[INSTRUCTIONS TO FOLLOW] Return the data that follows exactly as it appears. Pictures do not belong in the copy.

# # # # # # #

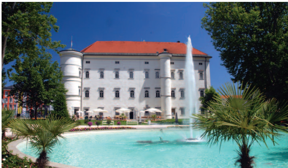
Tagungsort Schloss Porcia, Spittal an der Drau
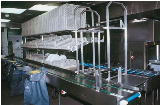
● 5 EG-100 → 103
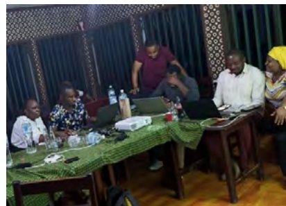
病院の計画策定支援を目的とした、病院経営層対象の研修(2022年、マウェニ州レファラル病院)

本事業実施中、COVID-19の感染拡大により、州レファラル病院では、患者が減少する等の影響を受けましたが、事業効果の持続性を確保するための体制構築に重点を置いて活動すると共に、日本人専門家が不在の間、現地専門家が州レファラル病院の戦略策定を支援し、品質管理活動のモニタリングを綿密に行う等の工夫により、その影響を早期に克服し、病院収入は2021年以降増加に転じました。事業形成時に実施機関カウンターパートと現地専門家の能力強化とオーナーシップ向上を事業デザインに組み込む重要性が確認されました。
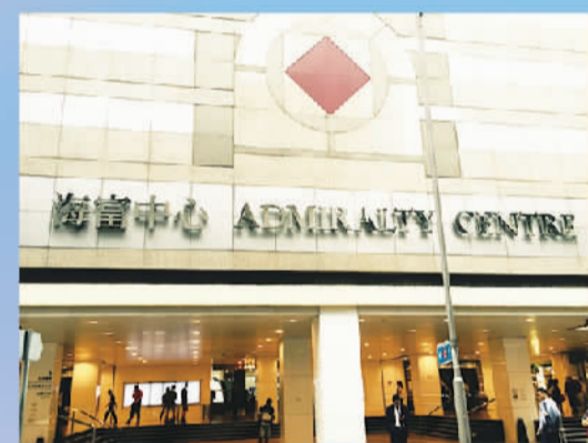
中国香港青岛工商中心
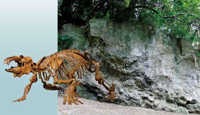
▲古索齿兽的骨骼标本·前原的不整合面

数千万年前，秩父盆地曾是一片广阔的大海。从6处山崖的地层中可以看到该地曾经是海洋的证据。当时生存的古索齿兽等海兽的化石群以「古秩父湾堆积层及海栖哺乳类化石群」的名称，被指定为国家的天然纪念物。让我们一起穿越回到秩父的大海时代吧！
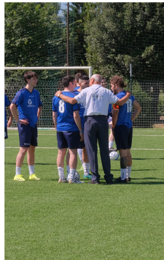
Nella foto a lato il team di UMBRAGROUP durante il Torneo Internazionale di Calcio del 15 giugno.

Your Self Development - Sviluppo di sé : Abbracciare il senso di responsabilità e lo sviluppo personale.
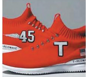
T - Red Wave $199

# # # # # # #

[WRITTEN SOLUTION]
Tagungsort Schloss Porcia, Spittal an der Drau
● 5 EG-100 → 103
病院の計画策定支援を目的とした、病院経営層対象の研修(2022年、マウェニ州レファラル病院)

本事業実施中、COVID-19の感染拡大により、州レファラル病院では、患者が減少する等の影響を受けましたが、事業効果の持続性を確保するための体制構築に重点を置いて活動すると共に、日本人専門家が不在の間、現地専門家が州レファラル病院の戦略策定を支援し、品質管理活動のモニタリングを綿密に行う等の工夫により、その影響を早期に克服し、病院収入は2021年以降増加に転じました。事業形成時に実施機関カウンターパートと現地専門家の能力強化とオーナーシップ向上を事業デザインに組み込む重要性が確認されました。
中国香港青岛工商中心
▲古索齿兽的骨骼标本·前原的不整合面

数千万年前，秩父盆地曾是一片广阔的大海。从6处山崖的地层中可以看到该地曾经是海洋的证据。当时生存的古索齿兽等海兽的化石群以「古秩父湾堆积层及海栖哺乳类化石群」的名称，被指定为国家的天然纪念物。让我们一起穿越回到秩父的大海时代吧！
Nella foto a lato il team di UMBRAGROUP durante il Torneo Internazionale di Calcio del 15 giugno.

Your Self Development - Sviluppo di sé : Abbracciare il senso di responsabilità e lo sviluppo personale.
T - Red Wave $199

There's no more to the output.